■ What is expected:
Please reproduce the entries below exactly from the line holding "Recognition from UW" through the last line, both included, and omit any pictures.

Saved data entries
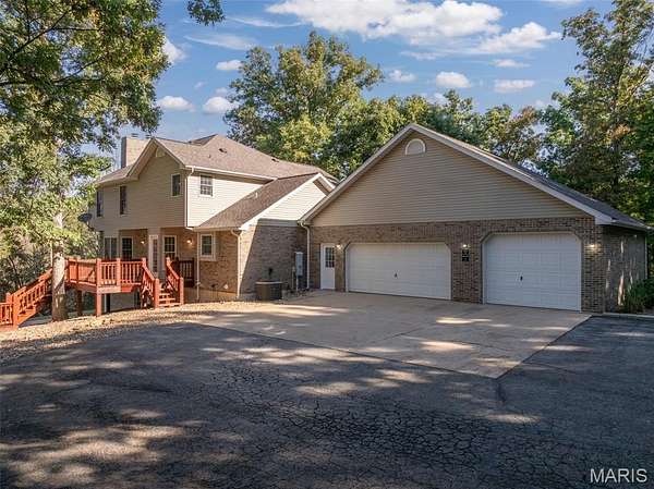 Stunning Custom Home on 8.26+/- Unrestricted Acres - No HOA! Nestled in a serene, park-like wooded setting, this beautifully crafted 5-bedroom, 3.5-bath home is located in the highly sought-after Silex School District and just 14 minutes from Troy's shopping and dining. Situated on a scenic, wooded hilltop off a paved road, the property offers the perfect blend of privacy and accessibility. Step inside to find custom features throughout, including hardwood floors, vaulted ceilings, special millwork, and two cozy fireplaces. The spacious eat-in kitchen is a chef's dream with a center island, breakfast bar, oak cabinetry, pantry, and separate formal dining room--ideal for entertaining. Additional highlights include a welcoming entry foyer, main-floor laundry and central vacuum system.
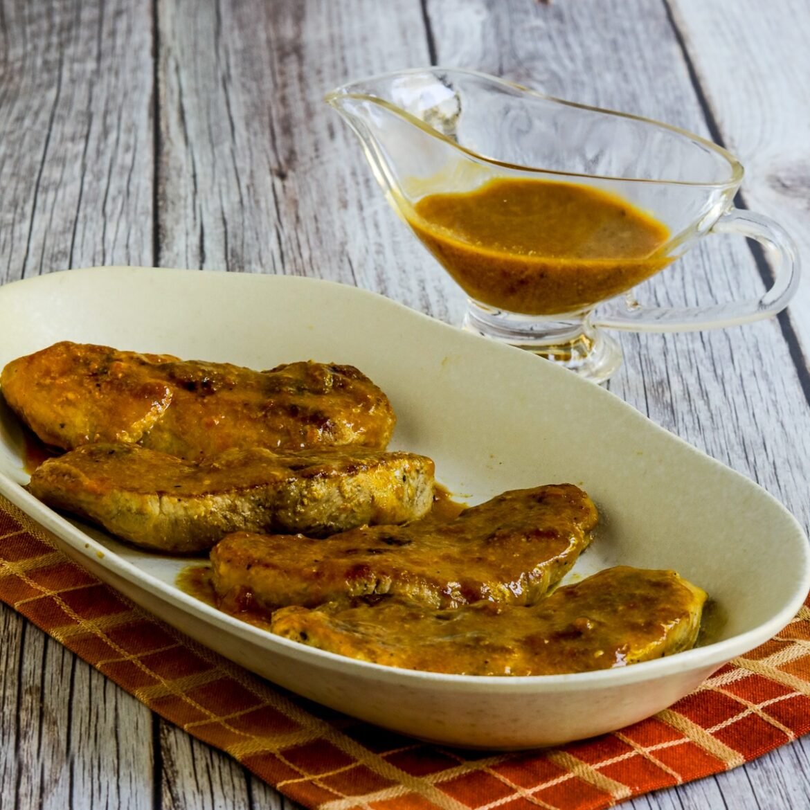 When we decided to update the photos for this recipe, Kara and I both felt the original method that browned the pork chops and then roasted them in a preheated 350F/176C oven for 8-10 minutes while you make the sauce was more steps than the recipe needed. For the updated method, we browned the pork chops, removed them to a plate while we made the sauce in the pan, and put pork chops back into the sauce to finish cooking. We also increased the recipe to use 4 pork chops, but only slightly increased the amount of sauce (and used lower-carb apricot preserves) which made this recipe even lower in carbs. (If you were a fan of the original method of browning and then roasting the pork chops, you can definitely still make them that way.)
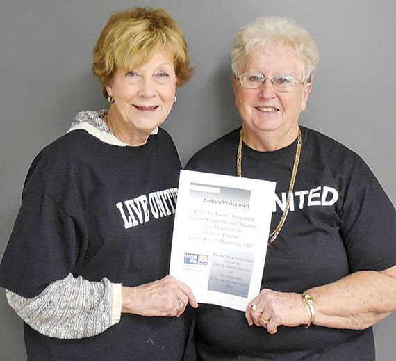 Recognition from UW United Way of Hardin County Board President Bonnie McBride (right) presents a certificate to Barb Winzenried for her years of service to the organization. Read More
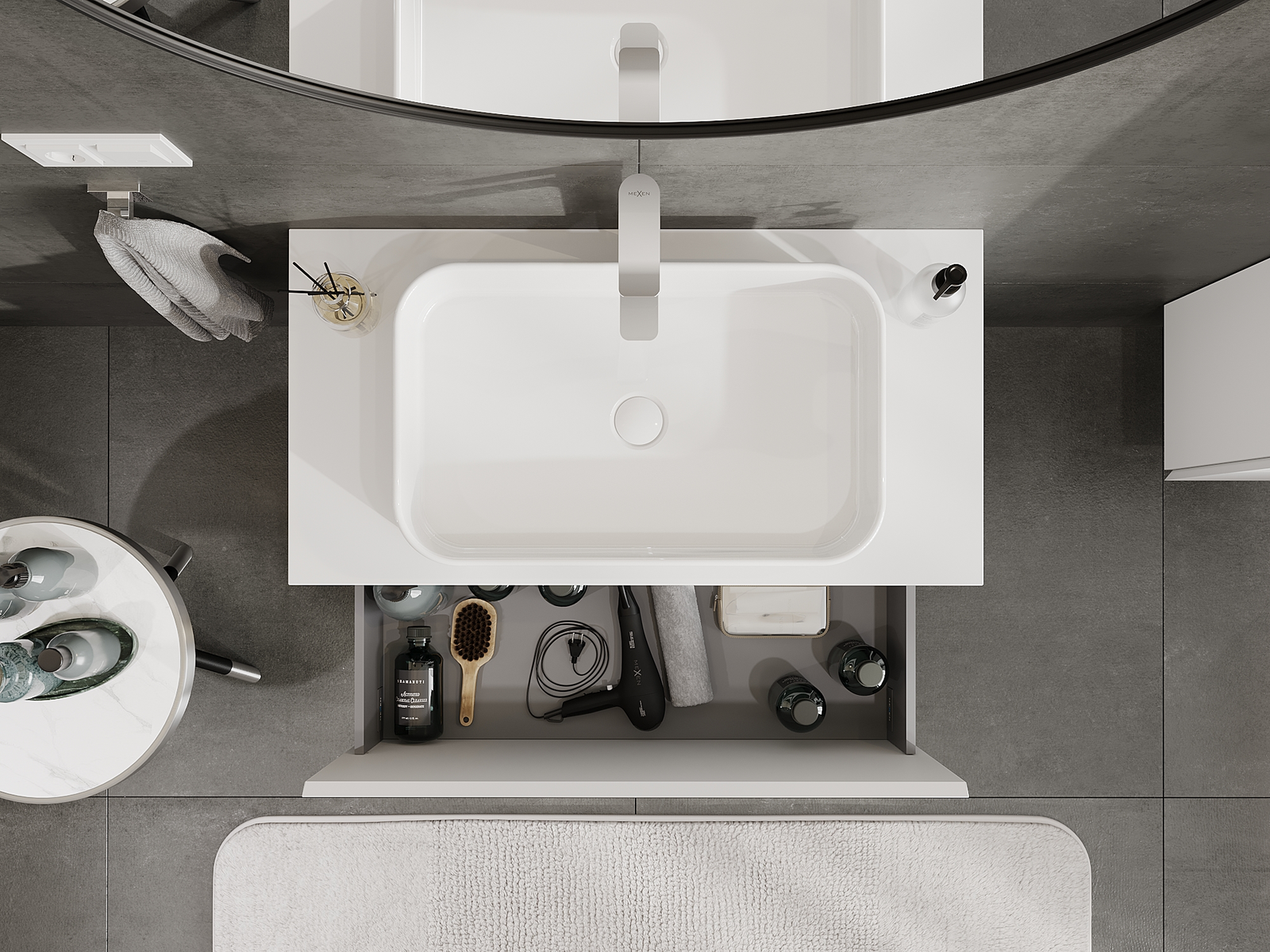 Mūsų moduliniai vonios baldai gali būti derinami tarpusavyje įvairiomis spalvų konfigūracijomis, leidžiant visiškai pritaikyti pagal asmeninius poreikius. Galima pasirinkti tiek atskirų elementų išvaizdą, tiek funkcijas, kas leidžia baldus pritaikyti pagal savo stiliaus ir naudojimo preferencijas.
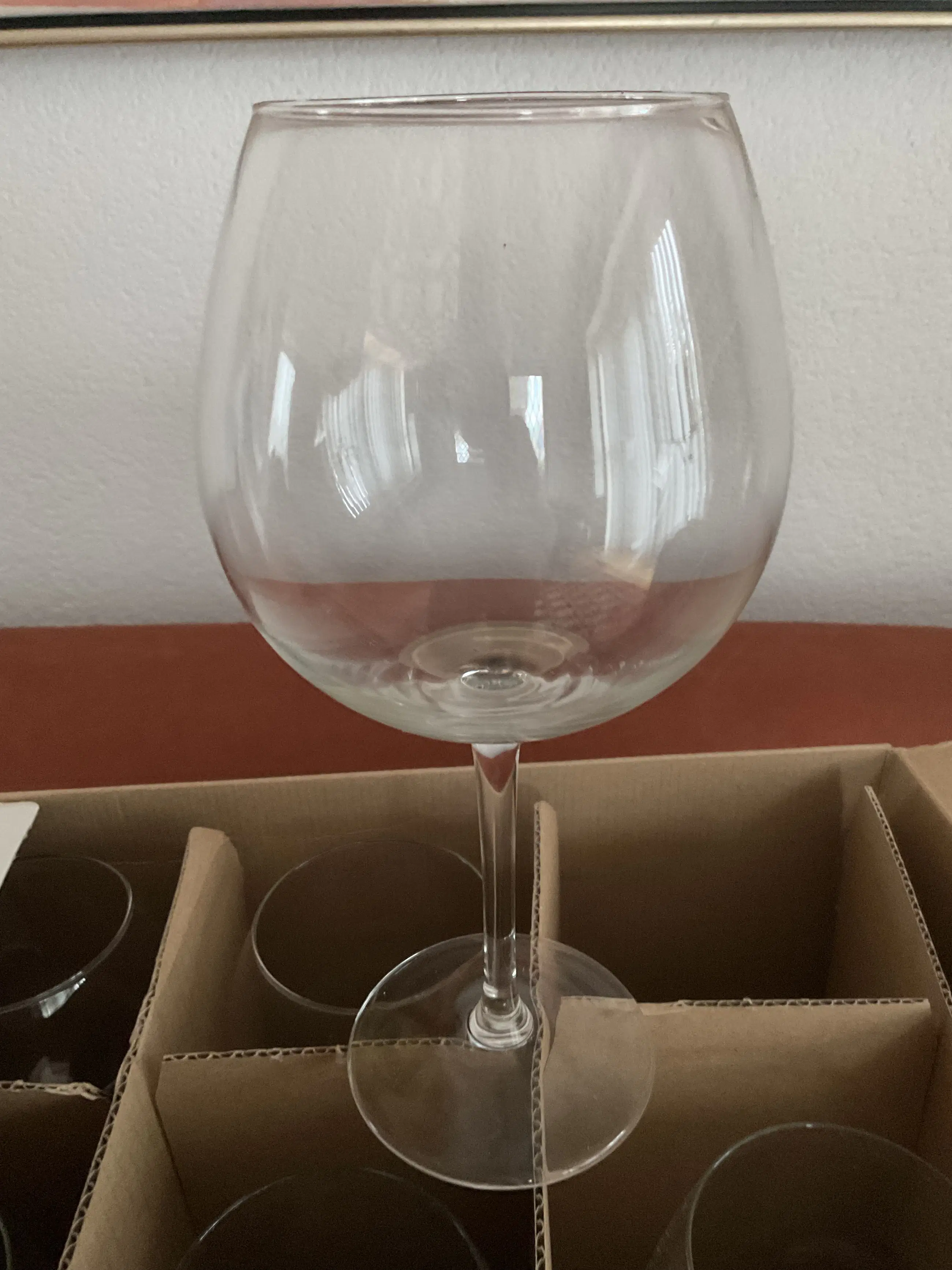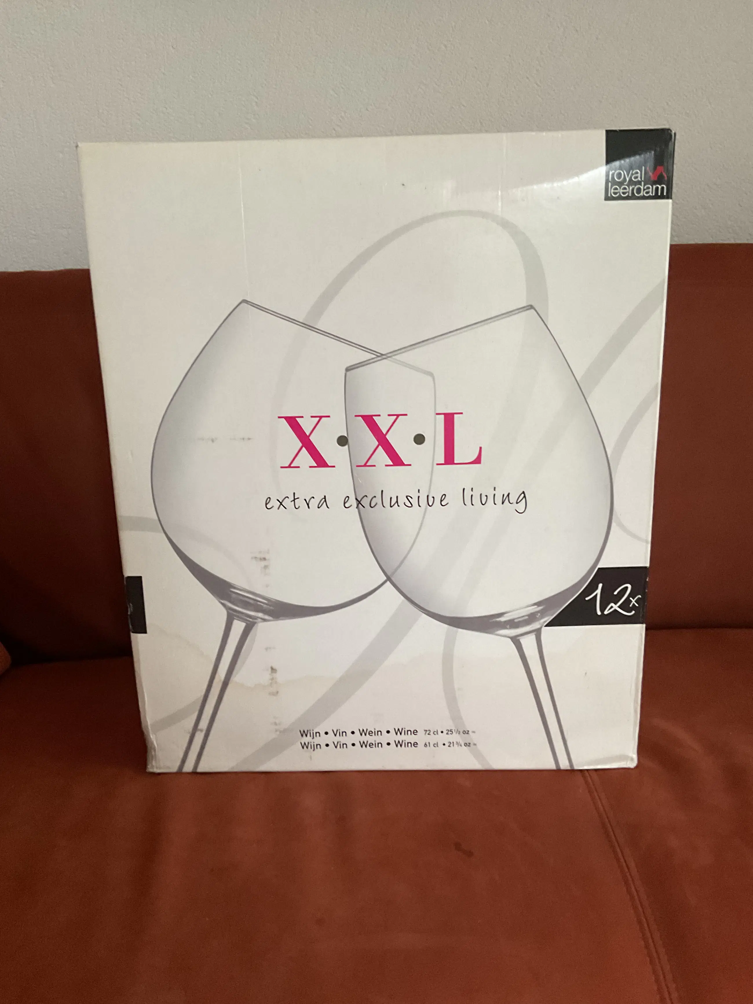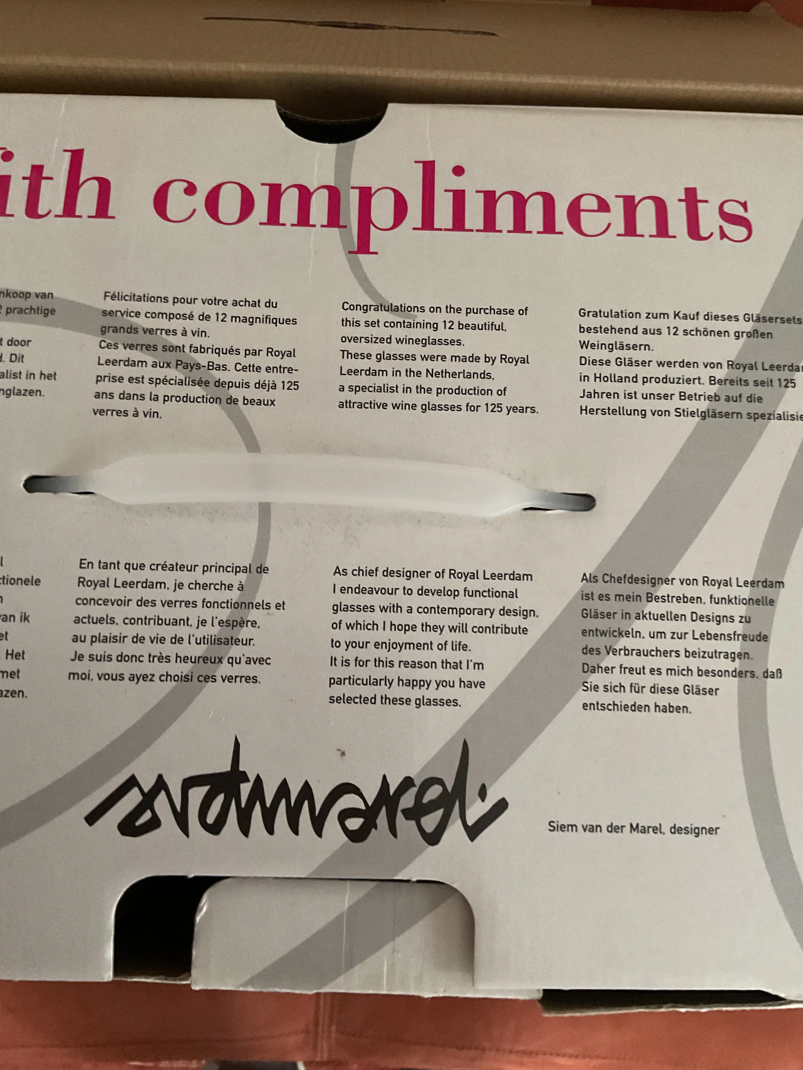 Doos met 12 stuks mooie grote kristal wijnglazen exclusief ontworpen door Siem van der Marel voor Leerdam Gesigneerd op de doos Extra Exclusive Living Ongebruikt Hoogte 22 cm Doorsnee 10cm Alleen ophalen

■ Output for this exercise:
 Recognition from UW United Way of Hardin County Board President Bonnie McBride (right) presents a certificate to Barb Winzenried for her years of service to the organization. Read More
 Mūsų moduliniai vonios baldai gali būti derinami tarpusavyje įvairiomis spalvų konfigūracijomis, leidžiant visiškai pritaikyti pagal asmeninius poreikius. Galima pasirinkti tiek atskirų elementų išvaizdą, tiek funkcijas, kas leidžia baldus pritaikyti pagal savo stiliaus ir naudojimo preferencijas.
 Doos met 12 stuks mooie grote kristal wijnglazen exclusief ontworpen door Siem van der Marel voor Leerdam Gesigneerd op de doos Extra Exclusive Living Ongebruikt Hoogte 22 cm Doorsnee 10cm Alleen ophalen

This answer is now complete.